Eine Rechtsgrundlage wäre im vorliegenden Fall demgemäß allenfalls im Gleichbehandlungsgrundsatz des § 97 Abs. 2 GWB zu finden. In der Tat wird die Entscheidung unter anderem damit begründet. Allerdings rekurriert die Vergabekammer ohne Weiteres dann auf § 4 Abs. 5 VgV und entwickelt daraus – ohne rechtlich zwingende Argumentation – den allgemeinen Grundsatz, dass eine Vergabestelle jegliche „wettbewerbsverfälschenden Vorkenntnisse“ von Bewerbern im Vergabeverfahren auszugleichen habe, und zwar offensichtlich auch solche, die der Vergabestelle selbst gar nicht bekannt sein müssen. Dieser Grundsatz lässt sich aus § 4 Abs. 5 VgV nicht ableiten.

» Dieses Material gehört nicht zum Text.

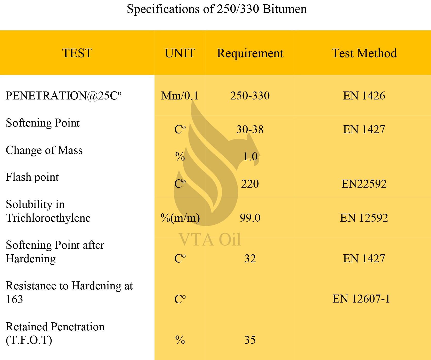 Bitumen grade 250/330, also known as penetration grade bitumen, is commonly used in road construction and the production of asphalt pavements. Here are some key points about this grade:
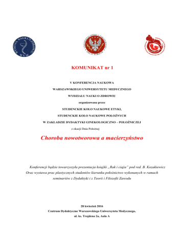 KOMUNIKAT nr 1 V KONFERENCJA NAUKOWA WARSZAWSKIEGO UNIWERSYTETU MEDYCZNEGO WYDZIAŁU NAUKI O ZDROWIU organizowana przez STUDENCKIE KOŁO NAUKOWE ETYKI, STUDENCKIE KOŁO NAUKOWE POŁOŻNYCH W ZAKŁADZIE DYDAKTYKI GINEKOLOGICZNO – POŁOŻNICZEJ z okazji Dnia Położnej Choroba nowotworowa a macierzyństwo Konferencji będzie towarzyszyła prezentacja książki „Rak i ciąża” pod red. B. Kozakiewicz Oraz wystawa prac plastycznych studentów kierunku położnictwo wykonanych w ramach seminariów z Dydaktyki i z Teorii i Filozofii Zawodu 28 kwiecień 2016 Centrum Dydaktyczne Warszawskiego Uniwersytetu Medycznego, ul. ks. Trojdena 2a, Aula A HONOROWY PATRONAT JM Warszawskiego Uniwersytetu Medycznego Prof. dr hab. n. med. Marek Krawczyk Dziekan Wydziału Nauki o Zdrowiu, Warszawskiego Uniwersytetu Medycznego Prof. dr hab. n. med. Piotr Małkowski MIEJSCE OBRAD: Warszawski Uniwersytet Medyczny Centrum Dydaktyczne ul. Księcia Trojdena2a Aula A PROGRAM KONFERENCJI OBEJMUJE I SESJA Przebyta choroba nowotworowa a prokreacja II SESJA Choroby nowotworowe narządu rodnego i piersi III SESJA PLAKATOWA IV SESJA WARSZTATOWA Lp. Tytuł warsztatu 1. Nietrzymanie moczu 2. Mastektomia – masaż limfatyczny 3. Opieka hospicyjna- jak być z pacjentką i jej rodziną 4. Dialog z pacjentem onkologicznym Zapraszamy na Konferencję 1. Uczestnictwo w konferencji jest nieodpłatne Warsztaty będą realizowane w ostatniej sesji konferencji. Osoba chcąca uczestniczyć w warsztatach proszona jest o zgłoszenie (liczba miejsc ograniczona 20 osób podczas jednego warsztatu o przyjęciu będzie decydować kolejność zgłoszeń). Zgłoszenia na warsztaty będą przyjmowane na adres [email protected] 2. Osoby pragnące wziąć czynny udział w sesji plakatowej proszone są o zgłoszenie tytułu plakatu i przesłanie jego projektu do zatwierdzenia do dnia 30.03.2016 na adres e-mail [email protected] oraz po otrzymaniu akceptacji dostarczenie go o godzinie 8.00 w dniu konferencji do organizatorów. Na stronie do pobrania formularz zgłoszenia. Liczba miejsc ograniczona. Liczy się kolejność zgłoszeń

Allerdings ist der verkürzten Sachverhaltsdarstellung zu entnehmen, dass die Vergabestelle in den Vergabeunterlagen wichtige Informationen nicht oder teilweise verfälscht an die Bewerber weitergegeben hatte. Diese – für sich vergabewidrige – Durchführung des Verhandlungsverfahrens konnte daher bereits vom Ansatz her nicht zu vergleichbaren Angeboten führen, was Bewerber mit detaillierten Ortskenntnissen zumindest mittelbar bevorteilte. Darin ließe sich ein Verstoß gegen den Gleichbehandlungsgrundsatz sehen. Jedoch handelt es sich nicht im eigentlichen Sinne um das vergaberechtliche Thema der Vorbefasstheit von Bewerbern, weshalb die einschlägigen Veröffentlichungen insofern missverständlich sind.
Axel Plankemann ist Rechtsanwalt in Hannover.